*** Begin section ***

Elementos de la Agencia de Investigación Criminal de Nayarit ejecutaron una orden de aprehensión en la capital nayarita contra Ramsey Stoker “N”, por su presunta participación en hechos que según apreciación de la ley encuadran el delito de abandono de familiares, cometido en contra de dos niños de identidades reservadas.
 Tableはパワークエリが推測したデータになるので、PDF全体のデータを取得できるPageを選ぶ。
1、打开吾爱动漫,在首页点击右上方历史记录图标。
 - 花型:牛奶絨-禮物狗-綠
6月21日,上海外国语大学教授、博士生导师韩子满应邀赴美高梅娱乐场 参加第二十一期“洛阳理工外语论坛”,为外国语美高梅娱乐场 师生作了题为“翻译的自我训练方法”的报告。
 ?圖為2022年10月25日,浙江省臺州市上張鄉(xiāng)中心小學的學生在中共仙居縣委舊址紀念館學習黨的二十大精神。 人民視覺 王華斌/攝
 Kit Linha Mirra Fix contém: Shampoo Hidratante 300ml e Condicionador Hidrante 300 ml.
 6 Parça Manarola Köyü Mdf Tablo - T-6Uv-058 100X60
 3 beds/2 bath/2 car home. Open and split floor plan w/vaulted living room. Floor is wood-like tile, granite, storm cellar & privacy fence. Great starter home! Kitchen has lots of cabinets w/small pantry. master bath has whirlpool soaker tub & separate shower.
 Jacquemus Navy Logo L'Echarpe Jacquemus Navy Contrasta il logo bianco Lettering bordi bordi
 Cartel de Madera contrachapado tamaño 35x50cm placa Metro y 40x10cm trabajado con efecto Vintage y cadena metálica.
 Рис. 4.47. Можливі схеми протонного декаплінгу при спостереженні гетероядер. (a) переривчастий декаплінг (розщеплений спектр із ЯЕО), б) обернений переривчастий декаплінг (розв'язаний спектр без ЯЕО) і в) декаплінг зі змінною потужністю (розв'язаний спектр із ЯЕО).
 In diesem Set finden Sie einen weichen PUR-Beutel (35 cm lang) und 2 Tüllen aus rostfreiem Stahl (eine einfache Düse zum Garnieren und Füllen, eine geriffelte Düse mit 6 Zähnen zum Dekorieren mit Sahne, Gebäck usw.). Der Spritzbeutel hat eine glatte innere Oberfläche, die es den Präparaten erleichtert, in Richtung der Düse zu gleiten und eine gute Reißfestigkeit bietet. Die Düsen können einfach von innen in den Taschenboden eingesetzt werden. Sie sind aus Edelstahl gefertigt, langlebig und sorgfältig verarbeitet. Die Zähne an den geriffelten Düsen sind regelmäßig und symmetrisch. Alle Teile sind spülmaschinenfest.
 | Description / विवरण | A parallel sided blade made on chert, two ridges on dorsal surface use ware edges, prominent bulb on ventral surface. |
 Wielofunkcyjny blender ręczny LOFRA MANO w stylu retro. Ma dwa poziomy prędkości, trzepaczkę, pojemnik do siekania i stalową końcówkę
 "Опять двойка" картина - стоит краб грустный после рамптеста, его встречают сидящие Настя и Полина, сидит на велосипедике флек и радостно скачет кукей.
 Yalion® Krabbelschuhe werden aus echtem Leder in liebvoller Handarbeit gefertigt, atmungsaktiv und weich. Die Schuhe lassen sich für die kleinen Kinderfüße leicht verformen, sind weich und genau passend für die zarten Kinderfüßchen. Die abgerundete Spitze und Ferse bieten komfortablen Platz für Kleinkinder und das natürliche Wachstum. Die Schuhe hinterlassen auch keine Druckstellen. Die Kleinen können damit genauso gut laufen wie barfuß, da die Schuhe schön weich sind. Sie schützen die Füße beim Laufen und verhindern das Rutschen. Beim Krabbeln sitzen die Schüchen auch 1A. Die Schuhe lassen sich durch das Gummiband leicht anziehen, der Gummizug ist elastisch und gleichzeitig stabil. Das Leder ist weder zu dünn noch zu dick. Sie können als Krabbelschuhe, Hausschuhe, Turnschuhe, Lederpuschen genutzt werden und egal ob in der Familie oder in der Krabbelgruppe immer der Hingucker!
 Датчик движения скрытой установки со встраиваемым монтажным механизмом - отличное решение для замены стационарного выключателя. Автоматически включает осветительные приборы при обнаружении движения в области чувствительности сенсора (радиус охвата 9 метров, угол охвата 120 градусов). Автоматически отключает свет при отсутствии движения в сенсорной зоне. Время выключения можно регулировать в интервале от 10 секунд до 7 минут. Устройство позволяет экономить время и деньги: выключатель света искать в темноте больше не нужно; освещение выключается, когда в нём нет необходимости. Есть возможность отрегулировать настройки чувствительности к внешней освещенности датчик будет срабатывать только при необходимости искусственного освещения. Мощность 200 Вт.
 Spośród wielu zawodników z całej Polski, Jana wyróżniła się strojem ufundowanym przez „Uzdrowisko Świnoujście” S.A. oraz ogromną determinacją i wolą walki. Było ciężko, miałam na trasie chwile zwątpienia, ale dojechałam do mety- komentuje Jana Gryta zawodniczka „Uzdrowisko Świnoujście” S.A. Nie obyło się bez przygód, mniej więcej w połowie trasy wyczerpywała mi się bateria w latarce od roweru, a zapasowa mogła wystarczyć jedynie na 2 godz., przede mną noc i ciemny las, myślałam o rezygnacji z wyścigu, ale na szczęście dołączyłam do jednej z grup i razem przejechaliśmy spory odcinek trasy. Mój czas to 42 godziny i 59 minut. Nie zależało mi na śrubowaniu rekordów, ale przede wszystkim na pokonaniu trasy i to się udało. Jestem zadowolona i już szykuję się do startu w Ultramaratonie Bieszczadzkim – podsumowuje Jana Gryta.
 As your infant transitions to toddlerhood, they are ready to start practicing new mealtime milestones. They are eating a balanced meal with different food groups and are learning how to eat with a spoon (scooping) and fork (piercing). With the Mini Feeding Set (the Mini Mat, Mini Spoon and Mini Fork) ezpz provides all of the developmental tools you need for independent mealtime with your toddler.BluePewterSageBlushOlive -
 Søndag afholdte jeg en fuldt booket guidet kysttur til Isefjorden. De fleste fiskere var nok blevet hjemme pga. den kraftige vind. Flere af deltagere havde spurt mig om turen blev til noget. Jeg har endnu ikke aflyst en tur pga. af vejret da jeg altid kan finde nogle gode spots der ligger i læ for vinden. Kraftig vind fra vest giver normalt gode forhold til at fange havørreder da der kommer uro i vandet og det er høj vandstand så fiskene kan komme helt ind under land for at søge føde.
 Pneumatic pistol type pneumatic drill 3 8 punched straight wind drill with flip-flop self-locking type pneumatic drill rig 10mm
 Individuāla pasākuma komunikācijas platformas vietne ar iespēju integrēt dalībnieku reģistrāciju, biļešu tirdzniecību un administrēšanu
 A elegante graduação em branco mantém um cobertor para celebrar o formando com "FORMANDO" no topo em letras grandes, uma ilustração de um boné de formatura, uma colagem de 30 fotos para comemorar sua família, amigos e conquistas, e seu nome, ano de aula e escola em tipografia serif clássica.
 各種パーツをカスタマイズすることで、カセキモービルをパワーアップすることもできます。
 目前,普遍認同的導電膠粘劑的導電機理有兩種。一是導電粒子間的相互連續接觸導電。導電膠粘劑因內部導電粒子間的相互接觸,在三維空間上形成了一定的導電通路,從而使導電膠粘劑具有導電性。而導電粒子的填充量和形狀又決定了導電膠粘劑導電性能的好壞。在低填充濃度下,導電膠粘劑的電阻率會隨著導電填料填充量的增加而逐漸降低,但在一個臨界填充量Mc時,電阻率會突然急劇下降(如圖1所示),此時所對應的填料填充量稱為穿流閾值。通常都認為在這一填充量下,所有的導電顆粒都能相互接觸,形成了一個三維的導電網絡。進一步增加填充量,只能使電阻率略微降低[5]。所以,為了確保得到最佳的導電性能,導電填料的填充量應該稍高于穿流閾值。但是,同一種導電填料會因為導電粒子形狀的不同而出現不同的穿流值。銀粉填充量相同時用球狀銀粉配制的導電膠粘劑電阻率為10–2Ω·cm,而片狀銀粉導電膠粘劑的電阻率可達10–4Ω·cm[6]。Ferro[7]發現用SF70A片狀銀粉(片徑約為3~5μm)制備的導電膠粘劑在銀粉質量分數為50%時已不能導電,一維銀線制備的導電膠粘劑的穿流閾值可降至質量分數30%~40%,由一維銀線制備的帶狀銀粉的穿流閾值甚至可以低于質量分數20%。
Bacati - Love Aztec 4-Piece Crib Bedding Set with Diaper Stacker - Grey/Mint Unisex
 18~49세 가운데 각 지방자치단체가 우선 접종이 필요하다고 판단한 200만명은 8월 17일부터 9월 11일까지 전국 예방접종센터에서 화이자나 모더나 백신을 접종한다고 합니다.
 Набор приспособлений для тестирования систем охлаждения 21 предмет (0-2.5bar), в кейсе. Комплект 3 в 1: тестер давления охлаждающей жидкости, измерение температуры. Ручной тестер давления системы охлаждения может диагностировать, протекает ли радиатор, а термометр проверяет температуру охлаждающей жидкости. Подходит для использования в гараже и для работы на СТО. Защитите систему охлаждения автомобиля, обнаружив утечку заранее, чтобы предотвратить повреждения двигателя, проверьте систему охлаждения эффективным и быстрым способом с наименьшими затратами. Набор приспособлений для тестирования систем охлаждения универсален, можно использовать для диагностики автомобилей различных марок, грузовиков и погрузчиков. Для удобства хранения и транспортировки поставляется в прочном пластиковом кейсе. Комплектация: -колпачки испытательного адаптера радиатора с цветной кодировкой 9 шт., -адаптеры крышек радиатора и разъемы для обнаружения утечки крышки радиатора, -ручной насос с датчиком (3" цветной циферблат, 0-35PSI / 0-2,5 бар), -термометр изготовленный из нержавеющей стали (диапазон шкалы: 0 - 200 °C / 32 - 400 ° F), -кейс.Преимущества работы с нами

*** End section ***

The problem: With the line that has "Tableはパワークエリが推" as the first and the line that has "Рис. 4.47. Можливі" as the last, repeat exactly that run of lines above and no more.

Result of the exercise:
 Tableはパワークエリが推測したデータになるので、PDF全体のデータを取得できるPageを選ぶ。
1、打开吾爱动漫,在首页点击右上方历史记录图标。
 - 花型:牛奶絨-禮物狗-綠
6月21日,上海外国语大学教授、博士生导师韩子满应邀赴美高梅娱乐场 参加第二十一期“洛阳理工外语论坛”,为外国语美高梅娱乐场 师生作了题为“翻译的自我训练方法”的报告。
 ?圖為2022年10月25日,浙江省臺州市上張鄉(xiāng)中心小學的學生在中共仙居縣委舊址紀念館學習黨的二十大精神。 人民視覺 王華斌/攝
 Kit Linha Mirra Fix contém: Shampoo Hidratante 300ml e Condicionador Hidrante 300 ml.
 6 Parça Manarola Köyü Mdf Tablo - T-6Uv-058 100X60
 3 beds/2 bath/2 car home. Open and split floor plan w/vaulted living room. Floor is wood-like tile, granite, storm cellar & privacy fence. Great starter home! Kitchen has lots of cabinets w/small pantry. master bath has whirlpool soaker tub & separate shower.
 Jacquemus Navy Logo L'Echarpe Jacquemus Navy Contrasta il logo bianco Lettering bordi bordi
 Cartel de Madera contrachapado tamaño 35x50cm placa Metro y 40x10cm trabajado con efecto Vintage y cadena metálica.
 Рис. 4.47. Можливі схеми протонного декаплінгу при спостереженні гетероядер. (a) переривчастий декаплінг (розщеплений спектр із ЯЕО), б) обернений переривчастий декаплінг (розв'язаний спектр без ЯЕО) і в) декаплінг зі змінною потужністю (розв'язаний спектр із ЯЕО).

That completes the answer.